GIVEN MATERIAL:
-*-*-
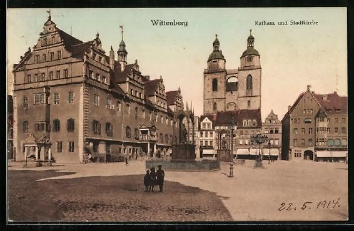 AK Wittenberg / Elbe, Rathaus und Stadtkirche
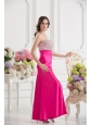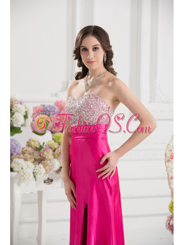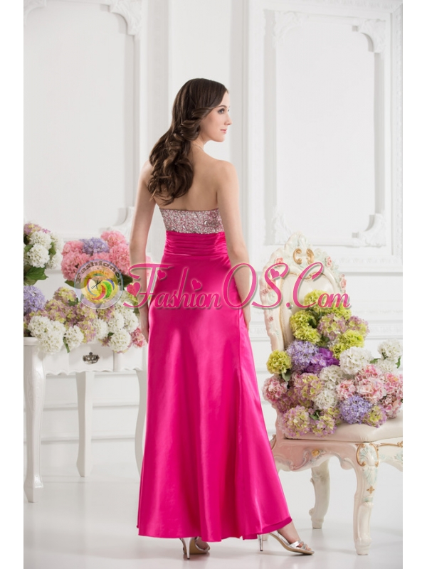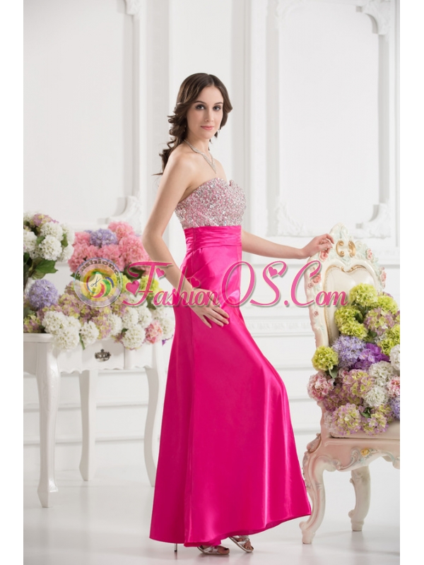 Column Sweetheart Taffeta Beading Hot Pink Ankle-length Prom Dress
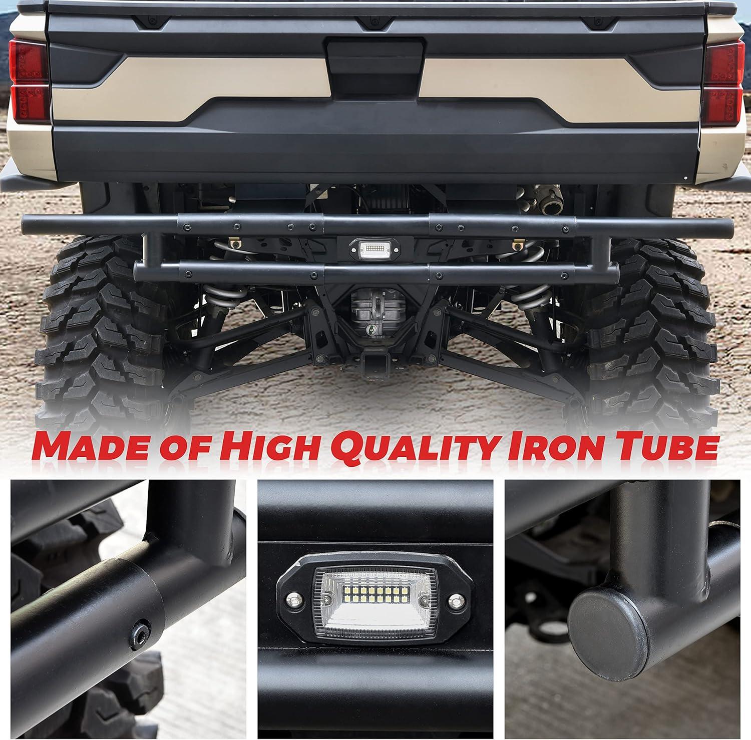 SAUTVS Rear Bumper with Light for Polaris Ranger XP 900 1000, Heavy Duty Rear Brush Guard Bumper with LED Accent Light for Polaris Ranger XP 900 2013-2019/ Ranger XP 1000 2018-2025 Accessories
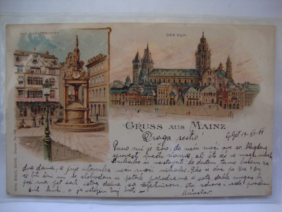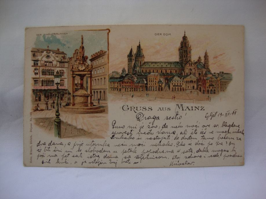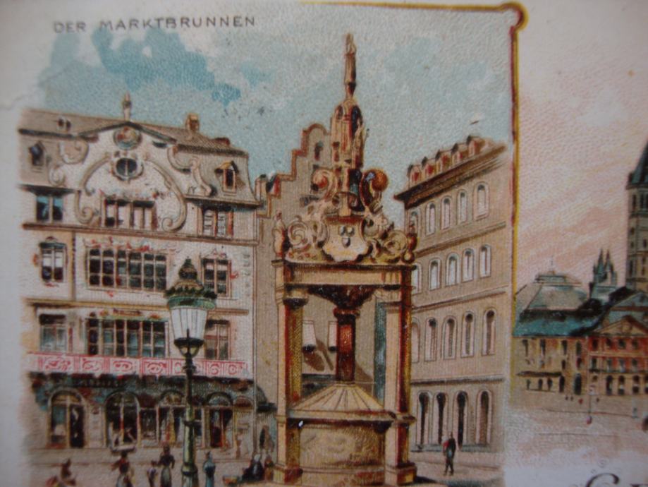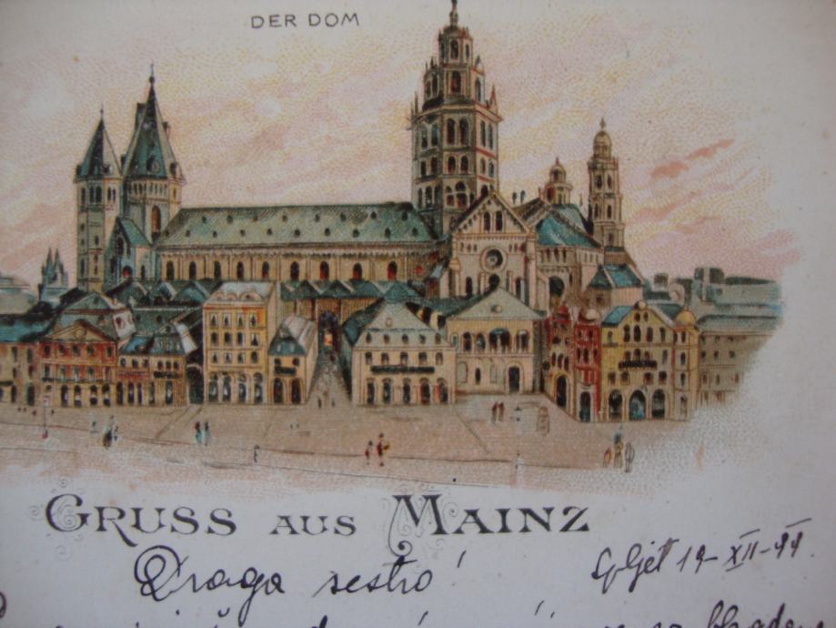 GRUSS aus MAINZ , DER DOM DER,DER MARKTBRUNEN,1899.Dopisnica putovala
-*-*-
GOAL OF THE EXERCISE:
Only the pictures are to be dropped; all other material above must be repeated exactly.

EXERCISE RESPONSE:
 AK Wittenberg / Elbe, Rathaus und Stadtkirche
 Column Sweetheart Taffeta Beading Hot Pink Ankle-length Prom Dress
 SAUTVS Rear Bumper with Light for Polaris Ranger XP 900 1000, Heavy Duty Rear Brush Guard Bumper with LED Accent Light for Polaris Ranger XP 900 2013-2019/ Ranger XP 1000 2018-2025 Accessories
 GRUSS aus MAINZ , DER DOM DER,DER MARKTBRUNEN,1899.Dopisnica putovala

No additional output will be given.